Re: [HACKERS] Syntax error reporting (was Re: [PATCHES] syntax error position

2004-03-22 Thread Fabien COELHO

Dear Tom,

 The point is that CONTEXT is essentially a record of how we got here.

Yes, but for human eyes.

 In a situation where the actual error occurs inside a couple of levels
 of nesting, you want to be able to report the outer queries as well as
 the one that directly caused the error.  I agree that there's probably
 little hope of clients automatically making sense of the CONTEXT info.
 But we need to provide it to help people debug complex functions.

Yes.

  More over, I have other ideas for CONTEXT, which should really be a stack.
 It already is a stack.

Ok, I agree that there is a push, but I'm still looking fot the pop.

Maybe I missed something, but it seemed to me that strings are appended
on to the other, and there is no way back.

That's what I mean by a real stack. If a student of mine comes to me
with his or her stack without a pop, he or she will not have a very
good grade;-)

So when more information are to be fed into the context, they are to be
fed when they are actually needed on the error, maybe with callbacks?
They cannot be fed prevently.

What I would have looked for, is a stack on which functions could push
and pop informations as they want, so that the stack would be always
available for any error or warning or debug trace down the callgraph.

If it is the case already, as I said above, I haven't seen the pop
feature yet.

  I think a new field is alas necessary.
 I'm leaning in that direction also.  How about
 'P': used only for syntax error position in the client-submitted query.
 'p': syntax error position in an internally-generated query.
 'q': text of an internally-generated query ('p' and 'q' would always
  appear together).

Why not.

Taking your very idea a little step further, I would suggest the
following, which is pretty similar, but even more general:

1/ field conventions:

  - upper case letter fields are for humans.
they are meant to be shown to the user, even new ones?
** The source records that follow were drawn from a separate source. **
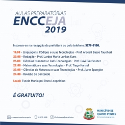 A Secretaria de Educação, Cultura e Esportes de Quatro Pontes realiza a partir de hoje (15) as inscrições para as aulas preparatórias gratuitas aos inscritos no Exame Nacional para Certificação de Competências de Jovens e Adultos (Encceja) 2019. Elas devem ser feitas até o dia 09 de agosto na recepção da prefeitura ou pelo telefone 3279-8100.
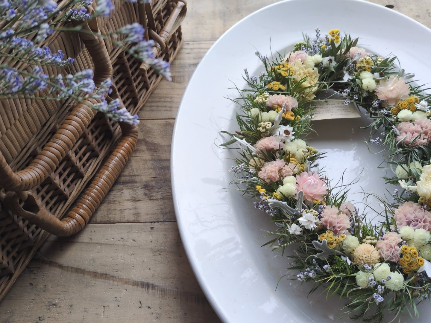 ピンク系の小花と白いラナンキュラスを合わせた、ナチュラルなオーバルリースです。
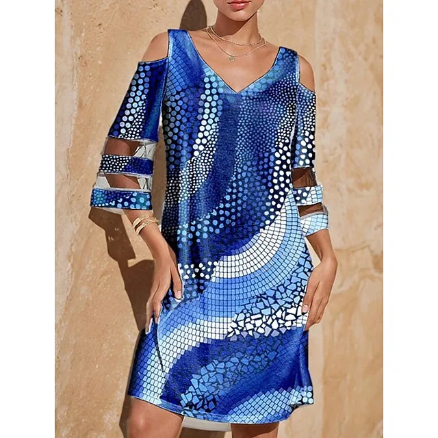 Women’s Casual Dress Slip Dress Geometric Color Block Print Mesh V Neck Mini Dress Streetwear Street Holiday Long Sleeve Loose Fit Blue Summer Spring S M L XL XXL
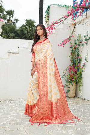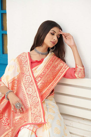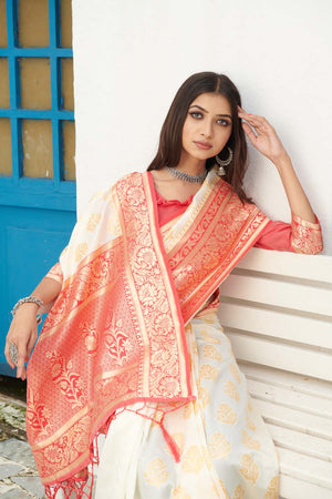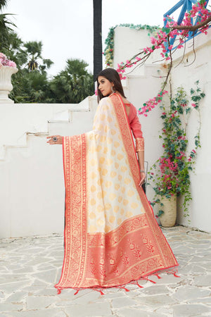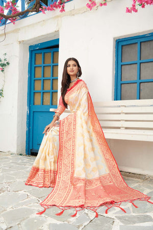 Elevate your ethnic wardrobe with this Jasmin White and Red Zari Woven Banarasi Silk Saree. Crafted from pure Banarasi silk, this elegant saree features intricate all-over zari weaving and comes with a matching red blouse that complements the border perfectly. Ideal for weddings, festivals, and traditional events, this saree blends classic craftsmanship with timeless beauty.
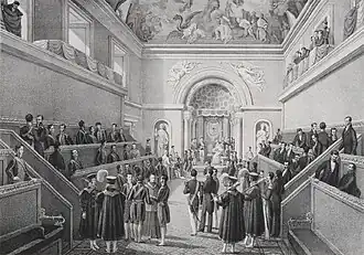 Las Cortes de Madrid de 1833 fueron las últimas convocadas con los criterios propios del Antiguo Régimen. Apelando a la antigua usanza y leyes de Castilla, convocó Fernando VII Cortes para que jurasen como princesa de Asturias a su hija Isabel (la futura Isabel II de España). Reunidas en el Real Monasterio de San Jerónimo prestaron el juramento.[10] En el contexto del final de su reinado, cuando se estaba produciendo la aproximación entre los elementos más moderados de los absolutistas y de los liberales, se vio en esta convocatoria un síntoma de apertura política, que se confirmó en el periodo siguiente.
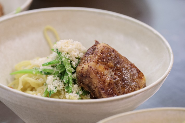その吉岡が打ち出したのはラーメン、発酵食品、乳製品の相性のよさを活かした革命ラーメン。使われている鯖の糠漬け、へしこは郷里のものだ。芳醇な香りと旨みのあるへしこのぬかと、クリ-ミーさと酸味を併せ持つヨーグルトはどんな味わいを生むのか。上沼恵美子審査員からは「大好き! あとを引きますね」のコメントが。果たして結果は!?

  - lower case letter fields are for machines / clients
they are never meant to be shown to the user!
but they should give some information to the client on how to
process an error report.

2/ new fields:

 - p: character [length] [reserved for future use]
   where the parser error occured, with the length of the
   offending token if available (for better hilighting?)
   this is basically the current P, but not meant to the user,
   and with possible additions.

 - q: select foo frm bla;
  the raw sql query that was being processed, whatever the case.
  I think syntax error are rare occurences, so it is no big deal
  to return the query anyway. this may make some clients code easier
  because there is no difference in the processing for different kind
  of errors.

 - c: context-description
  some context for the client, not the human, so no localisation.
  something like:
   c: lang=sql query
   c: lang=sql query-part
   c: lang=sql function 'foo' 4

  it could be adapted to other syntax errors, something like.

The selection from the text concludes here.